Thursday, May 04, 2006

Nutrition and aging.

Recent decades of research in elder populations in developed countries have documented the nutritional vulnerability of older individuals, even under relatively affluent circumstances. Although total energy intake declines with age, requirements for many nutrients go up to maintain organ systems with declining functionality. It is, therefore, more difficult for elderly to meet their nutrient requirements than for younger adults, and the selection of nutrient-dense foods becomes of even greater importance.



Recent research illustrates that protein adequacy is critical for maintaining functional status with age. It is found that older adults provided with diets containing 0.45 g protein · kg body wt-1 · d-1 for 9 wk had significant losses in lean tissue, immune response and muscle function. Recent studies suggest that protein requirements to retard loss of muscle mass and bone mass with aging in older individuals may be greater than previously thought. Short-term nitrogen balance results suggest that a safe recommended protein intake for older men and women should be 1.0–1.25 g high quality protein /kg/d.

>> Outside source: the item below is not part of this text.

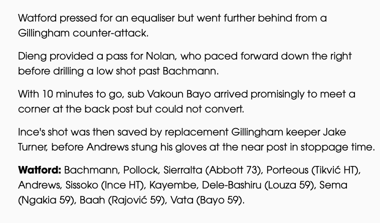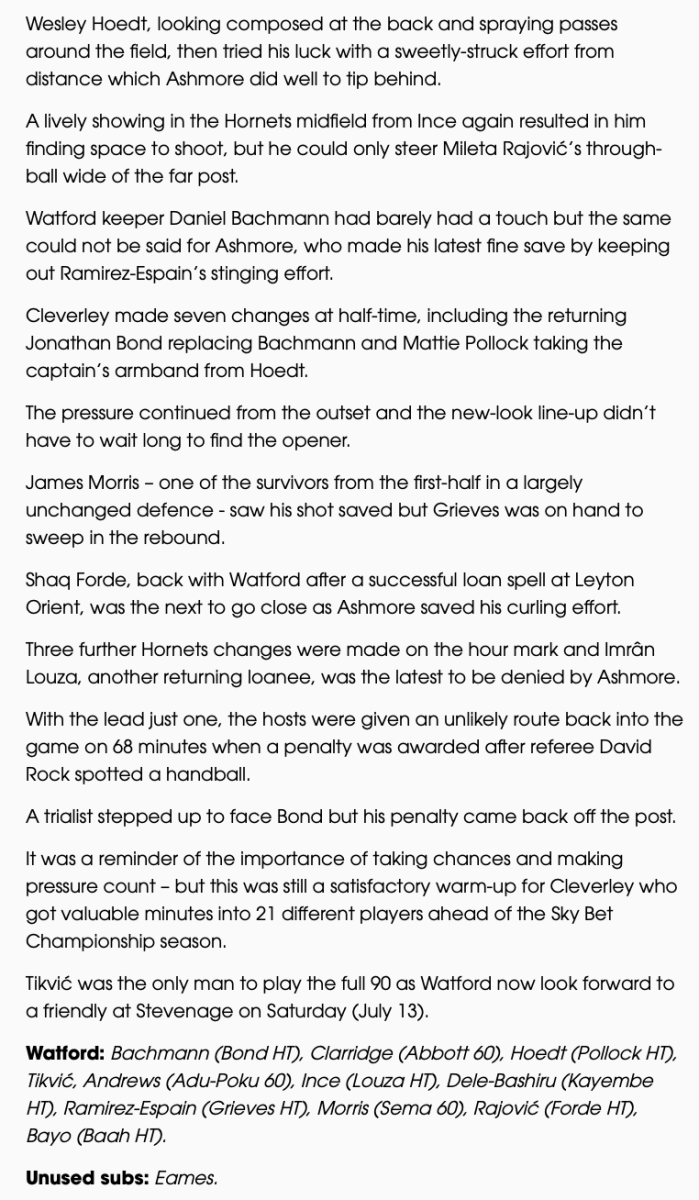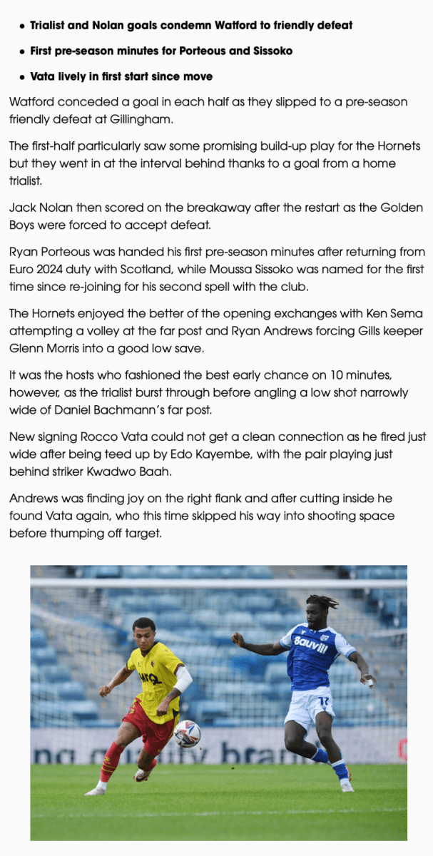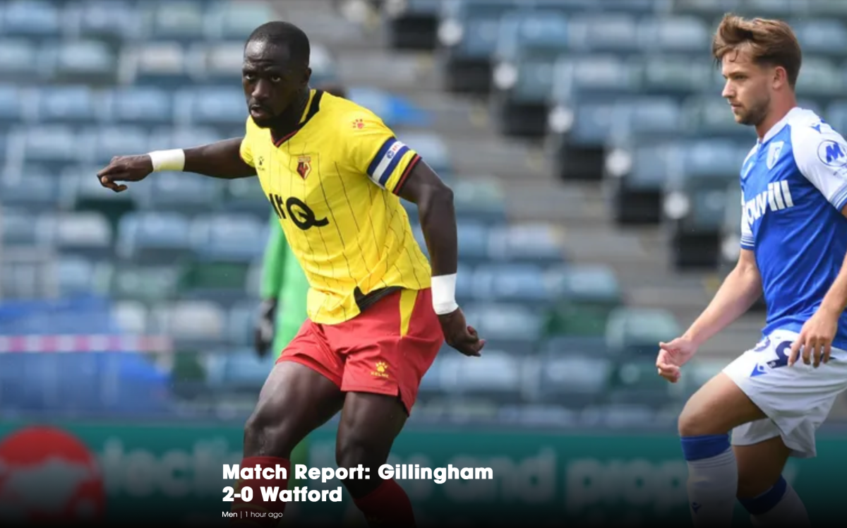 20th July 2024- Friendly, Gillingham 2 Watford 0 Match Report: Gillingham 2-0 Watford – Watford FCDownload Reaction: Cleverley On Gillingham & Players Update Watford Observer: Watford suffer 2-0 defeat at Gillingham in pre-season friendly Gillingham FC website report Share this: Click to share on X (Opens in new window) X Click to share on Facebook (Opens in new window) Facebook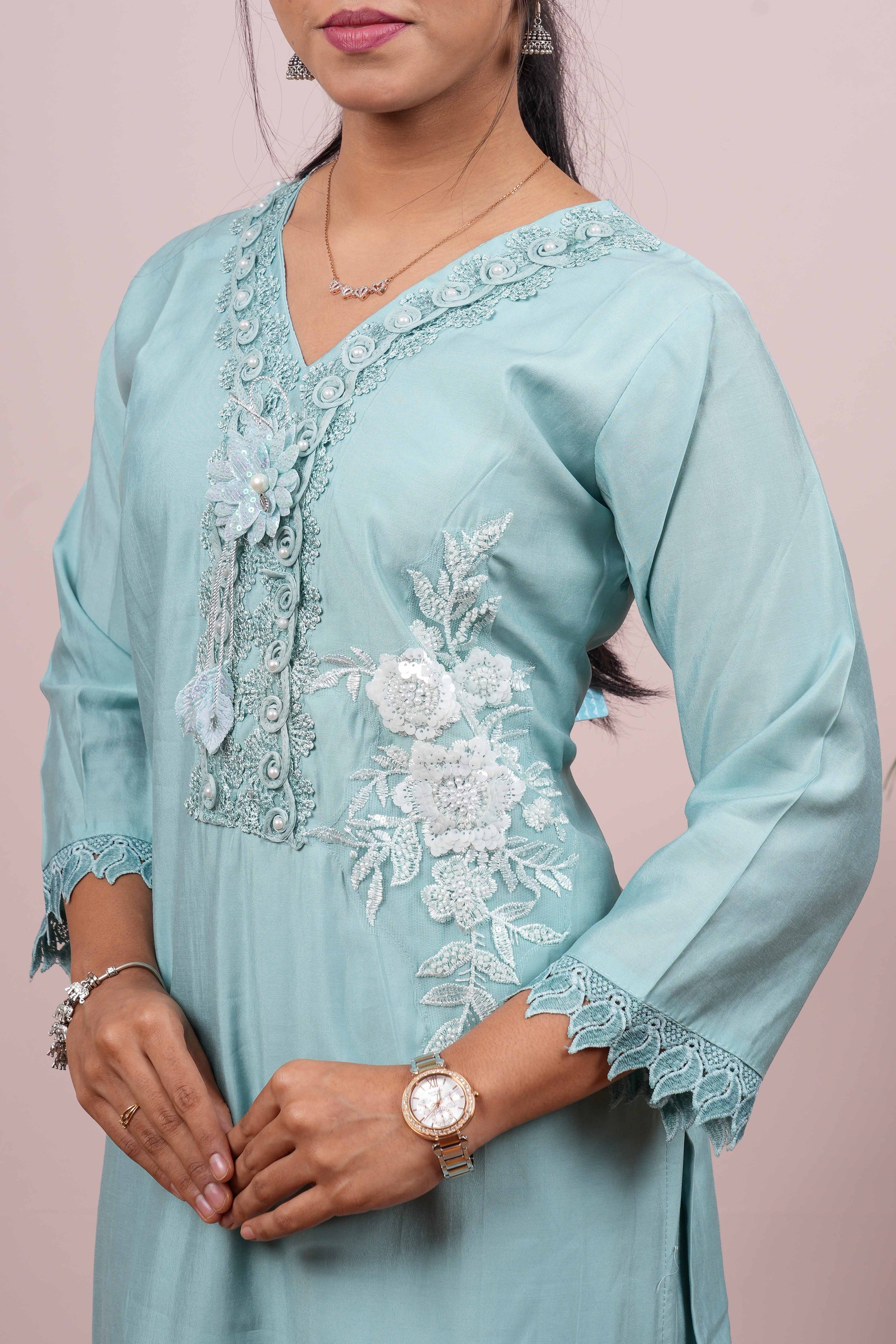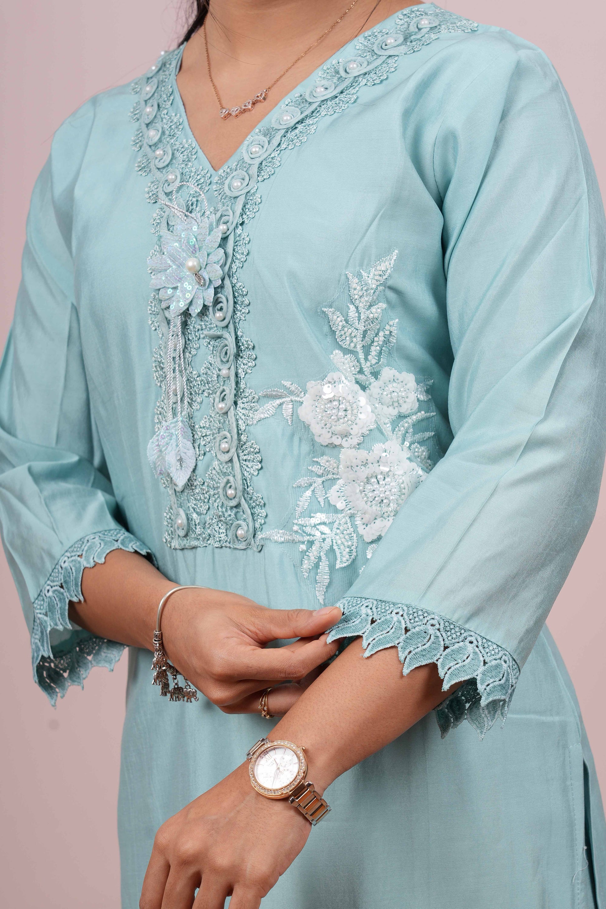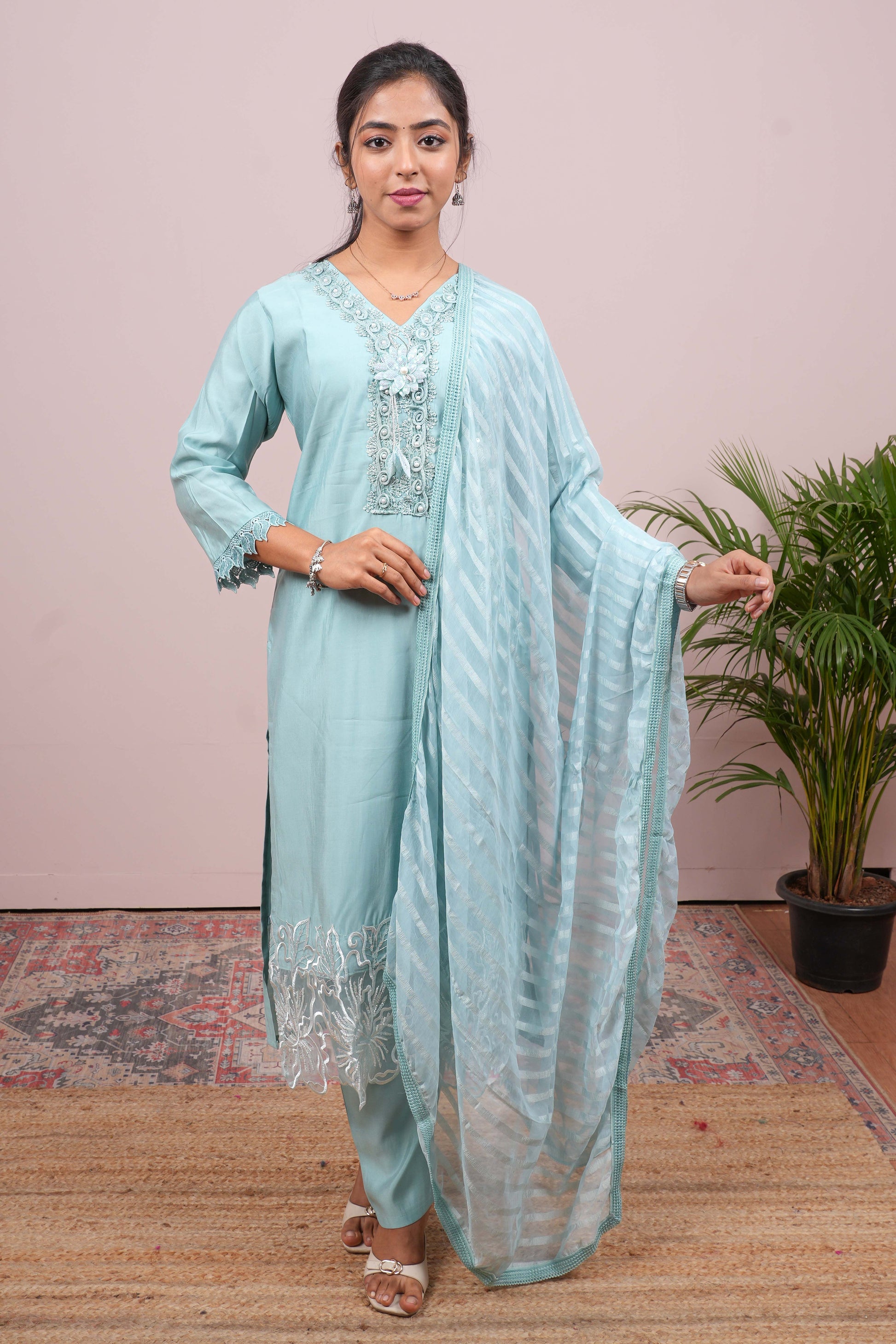 Pastel Blue Straight-Cut Salwar Set V-Neck With Intricate Embroidery and 3D Floral Applique Work Along The Neckline & Lightweight Matching Dupatta

Aging is generally associated with a gradual decrease in muscle mass (sarcopenia). Loss of muscle mass poses significant risks, including lower resting metabolic rate, reduced muscle strength and increased functional dependency. In the combined New Mexico Aging Process Study and the New Mexico Elder Health Survey, the prevalences of sarcopenia and sarcopenic obesity (relatively high ratios of body fat to muscle mass) were 15 and 2%, respectively, in 60–69 y olds and 40 and 10%, respectively, in those more than 80 y of age. Elders at greatest risk for disability and for several chronic diseases in this population were those who were both sarcopenic and obese. In addition to adequate protein intake, resistance exercise has shown great promise in preventing sarcopenia. One study demonstrated that nitrogen excretion decreased 10–15% at the beginning of resistance training and persisted for 12 wk.


Micronutrient inadequacies are common among elderly, even in the most developed countries, and they have increasingly been linked to risk of chronic disease. For example, vitamins B-6, B-12, and folate are required to prevent the accumulation of homocysteine, an amino acid that has been consistently associated with risk of vascular disease, and recent studies have also shown associations between low concentrations of these B vitamins and cognitive decline. In addition, vitamin B-12 is needed to maintain neurological function. Data from several studies suggest that inadequate blood concentrations of these B vitamins are prevalent in older populations. In the Netherlands, 10–45% of adults aged 65 y and older were deficient in vitamin B-6. Older persons have greater difficulty absorbing vitamin B-12 because of atrophic gastritis, a degenerative stomach condition estimated to affect 25–40% of U.S. elderly. Despite apparently adequate intakes of vitamin B-12, relative to recommendations, more than 16% of elders in the U.S. Framingham Study had low vitamin B-12 concentrations. One of the few studies on B vitamins in elderly in Latin America found prevalences of folate deficiency (less than 7 nmol/L) of 51% in men and 33% in women and prevalences of vitamin B-12 deficiency (less than 148 pmol/L) of 51% in men and 31% in women. On the other hand, in a small sample of elderly in Bangkok, Thailand, folate deficiency was found for 21% and vitamin B-12 deficiency was found for only 7% of cases.


Calcium and vitamin D are also nutrients of particular concern for elderly populations. With age, declining renal function leads to malabsorption of calcium and accelerated bone loss. Requirements for vitamin D also increase with aging. Despite the greater availability of sunlight in most developing countries, relative to most developed countries, older individuals often have less exposure than younger adults. Furthermore, with age, there is decreased ability to form previtamin D-3- in skin with UV light exposure. The low calcium and vitamin D in the diets of many developing countries, together with the dietary and physical activity changes associated with the nutrition transition, suggest that osteoporosis will become an increasingly major problem as these populations age.



Antioxidant vitamins, including vitamin C, vitamin E, and a variety of phytochemicals, are important in maintaining effective antioxidant defenses against oxidant stress–related diseases, including cancer, cataract and Alzheimer’s disease. Vitamin E has also been shown to be effective in promoting immune function to fight infection. Very few studies of antioxidant status in developing countries are available. With the nutrition transition toward higher fat, lower fiber diets, attention to maintaining and increasing intakes of traditional fruits, vegetables and whole grains is of considerable importance in helping to control the worldwide increases in incidence of chronic disease.



Interestingly, the nutrients that have received the most attention for maternal and child nutrition—iron and vitamin A—are required in lower amounts by elderly than by younger adults. There is decreased clearance of vitamin A by hepatic and other peripheral tissues with age. Similarly, iron stores accumulate with age, and high serum ferritin has been associated with greater risk of coronary heart disease. Consequently, micronutrient fortification programs should consider the possible effects on the growing elderly segment of their populations.